Given that document databases, such as RavenDB, are non-relational, how do you avoid duplicating data that multiple documents have in common? How do you maintain that data if it's okay to duplicate it?
With a document database you have to duplicate your data to some degree. What that degree is will depend on your system and use cases.
For example if we have a simple blog and user aggregates we could set them up as:
public class User
{
public string Id { get; set; }
public string Name { get; set; }
public string Username { get; set; }
public string Password { get; set; }
}
public class Blog
{
public string Id { get; set; }
public string Title { get; set; }
public class BlogUser
{
public string Id { get; set; }
public string Name { get; set; }
}
}
In this example I have nested a BlogUser class inside the Blog class with the Id and Name properties of the User Aggregate associated with the Blog. I have included these fields as they are the only fields the Blog class is interested in, it doesn't need to know the users username or password when the blog is being displayed.
These nested classes are going to dependant on your systems use cases, so you have to design them carefully, but the general idea is to try and design Aggregates which can be loaded from the database with a single read and they will contain all the data required to display or manipulate them.
This then leads to the question of what happens when the User.Name gets updated.

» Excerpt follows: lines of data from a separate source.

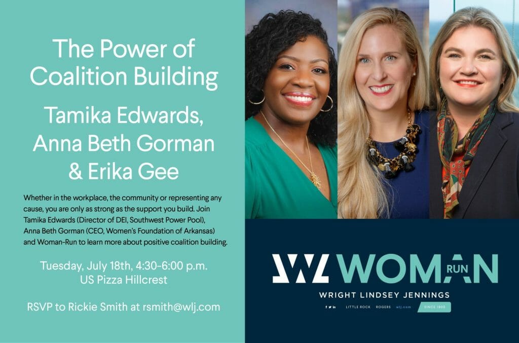 Whether in the workplace, the community or representing any cause, you are only as strong as the support you build. Join Tamika Edwards (Director of DEI, Southwest Power Pool), Anna Beth Gorman (CEO, Women’s Foundation of Arkansas) and WLJ’s Erika Gee to learn more about positive coalition building.
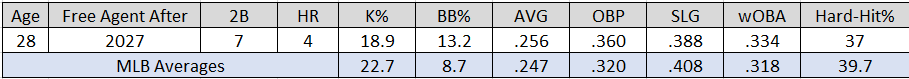 Potential concerns: McKinstry’s offensive history is brief. Therefore, it’s tough to know whether his current level of production is sustainable. The 28-year-old has already exceeded a personal high for plate appearances. Moreover, his current AVG, OBP, SLG, and OPS+ are significantly better than what he’s produced since debuting in 2020.
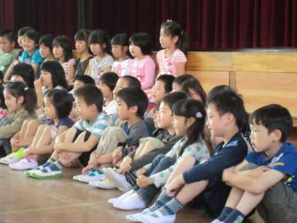 1年生は,お兄さん,お姉さんの発表に引き込まれていました。
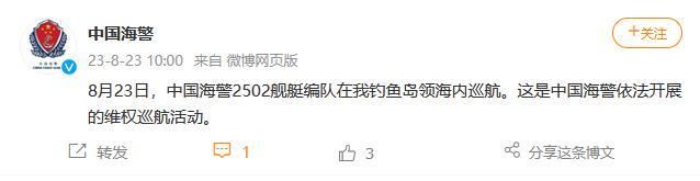 中新網(wǎng)8月23日電 據(jù)中國海警局官方微博消息,8月23日,中國海警2502艦艇編隊在中國釣魚島領海內(nèi)巡航。這是中國海警依法開展的維權巡航活動。

With most document databases you would have to load all the instances of Blog which belong to the updated User and update the Blog.BlogUser.Name field and save them all back to the database.

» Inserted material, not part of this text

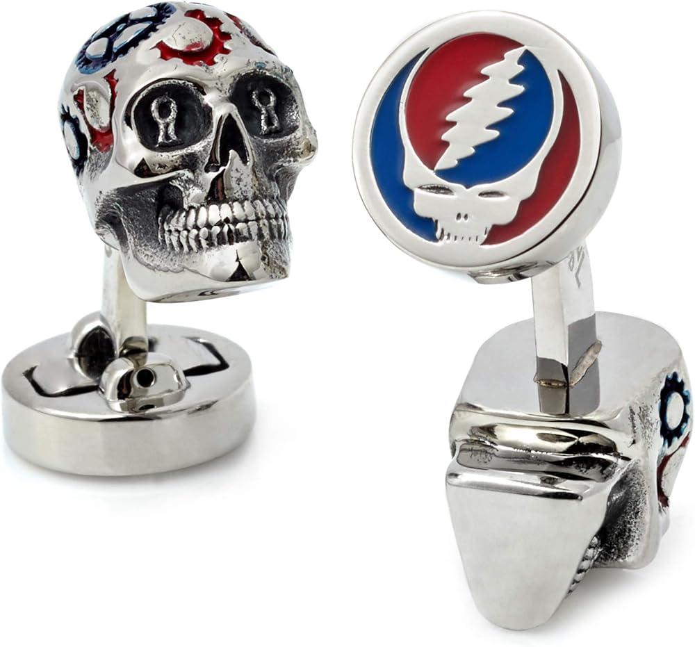 أزرار أكمام بتصميم جمجمة الموتى من تاتوسيان، مطلي بالروديوم الفضي

Raven is slightly different as it support set functions for updates, so you are able to run a single update against RavenDB which will up date the BlogUser.Name property of the users blogs without you have to load them and update them all individually.
The code for doing the update within RavenDB (the manual way) for all the blog's would be:
public void UpdateBlogUser(User user)
{
var blogs = session.Query<Blog>("blogsByUserId")
.Where(b.BlogUser.Id == user.Id)
.ToList();
foreach(var blog in blogs)
blog.BlogUser.Name == user.Name;
session.SaveChanges()
}
I've added in the SaveChanges just as an example. The RavenDB Client uses the Unit of Work pattern and so this should really happen somewhere outside of this method.